WORK ORDER:
Go to the line containing "Жіноча преміум-футболка власного" in the records below and print it and every following line exactly, on through the line containing "Alfa Romeo Logo", then stop.

DATA SHOWN:

▶

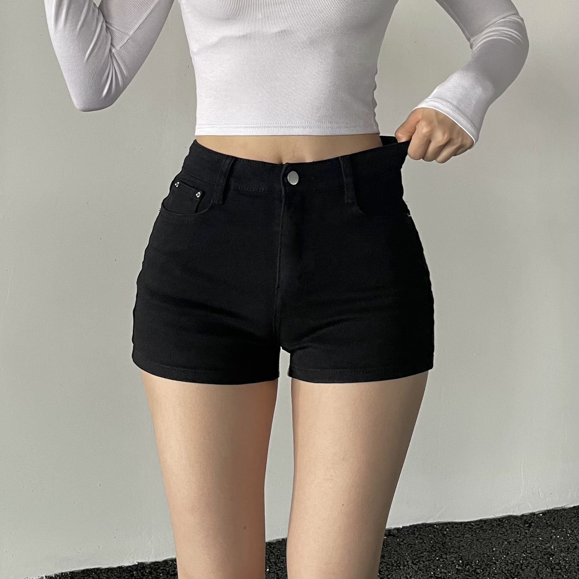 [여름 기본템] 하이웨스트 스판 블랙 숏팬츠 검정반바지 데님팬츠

◀
▶

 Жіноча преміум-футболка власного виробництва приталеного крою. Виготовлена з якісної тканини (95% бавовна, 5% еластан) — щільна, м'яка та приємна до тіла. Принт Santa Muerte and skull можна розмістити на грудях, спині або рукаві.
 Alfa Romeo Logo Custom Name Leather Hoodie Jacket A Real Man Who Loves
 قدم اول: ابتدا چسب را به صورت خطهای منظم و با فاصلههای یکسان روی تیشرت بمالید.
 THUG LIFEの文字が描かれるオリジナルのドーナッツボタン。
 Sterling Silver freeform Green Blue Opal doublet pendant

◀
▶

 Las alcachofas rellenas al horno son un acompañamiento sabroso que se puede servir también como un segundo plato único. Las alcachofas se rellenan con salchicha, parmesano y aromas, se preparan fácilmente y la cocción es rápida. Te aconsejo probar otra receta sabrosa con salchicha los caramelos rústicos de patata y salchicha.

◀

WRITTEN SOLUTION:
 Жіноча преміум-футболка власного виробництва приталеного крою. Виготовлена з якісної тканини (95% бавовна, 5% еластан) — щільна, м'яка та приємна до тіла. Принт Santa Muerte and skull можна розмістити на грудях, спині або рукаві.
 Alfa Romeo Logo Custom Name Leather Hoodie Jacket A Real Man Who Loves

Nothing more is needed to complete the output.